Godavari River receives a mere 1000 tmc ft of water

Rajahmundry: Even though several parts of the state experienced  incessant rainfall over the last few days, surprisingly the Godavari river has received very little inflow of water. So far, there has been scanty rainfall in its catchment area.

The Godavari received about 1,000 tmc ft of water since June 1 till date, while it received over 2,000 tmc ft of water last year for the same period. At present, the flow of water into the river is steady and is fluctuating. The authorities are releasing water amounting to 60,000-80,000 cusecs, depending upon inflows into the sea from Sir Arthur Cotton barrage at Dowleswaram.

They are also releasing water to Godavari East, West and central delta canals to the extent of 7,000-10,000 cusecs of water. In case of heavy rainfall, they will release only 7,000 cusecs to the three canals to help farmers cultivate crops, mainly paddy, in the Godavari delta area. 

Normally, the Godavari river experiences the ‘flood’ season from July 1 onwards till October 31 every year.

This year, the river has not yet received any major inflows so far as the authorities have discharged a maximum of only 5.60 lakh cusecs of water from the barrage into the sea. 

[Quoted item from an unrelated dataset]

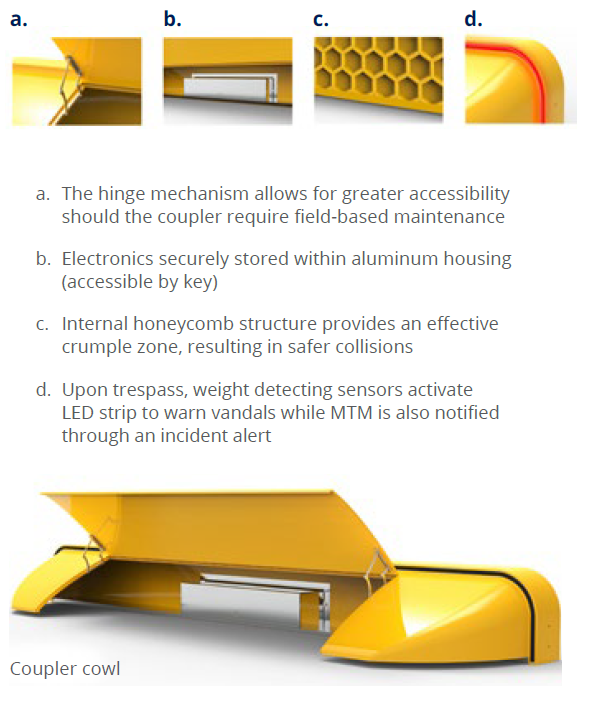 Two refined retrofit interventions emerged from the prototyping and evaluation processes. The first intervention, a protective coupler cowl, greatly reduces access to the windscreen. Its angled design was trialled through user testing (as shown in Figure 8 below), confirming its effectiveness in limiting balance when standing or crouching. Should vandals access the cowl, weight-detecting sensors alert both the vandal through a visual alarm, and operators through an incident-alert system. The second intervention, a protective, automated cowl, encloses the open cavity surrounding the windscreen wipers. This ensures that the windscreen wipers cannot be leveraged for grip, while also protecting them when not in use.
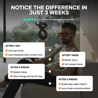 Voor het beste en langdurige resultaat gebruik je de bril consistent. Dagelijkse bescherming garandeert een optimaal functionerend bioritme en vermindert structureel digitale oogstress.

There were instances when the authorities had released 10 lakh cusecs of water and more, earlier.

When the first warning is issued, nearly 10 lakh cusecs of water will be released into the sea from the barrage. 

With just a few days to go for completion of the month of October, the Water Resources authorities are not expecting any heavy inflow of water into the river this season.

Even if there are a series of cyclonic storms as predicted towards the end of October and the beginning of November in the state, the authorities say that there may not be any heavy flow of water into the river, even if several parts of the state witness heavy rainfall.

They say that unless there is heavy rain in the river (catchment area), rivers like the Pranahitha, Indravati, Sabari, Seeleru and others will receive a good input of water and this may cause the Godavari to get more water.

Local streams and rivulets which overflow due to heavy rainfall locally, may not be able to bring a good amount of water into the Godavari. 

However, the (water resources) authorities say that the steady water level in the river is of immense use to operate several lift irrigation schemes to lift and pump water to far-off places for cultivation of crops.

The Godavari conservator, N. Krishna Rao said, “There is not much water flowing into the Godavari river so far this monsoon. The water level is being maintained steadily.”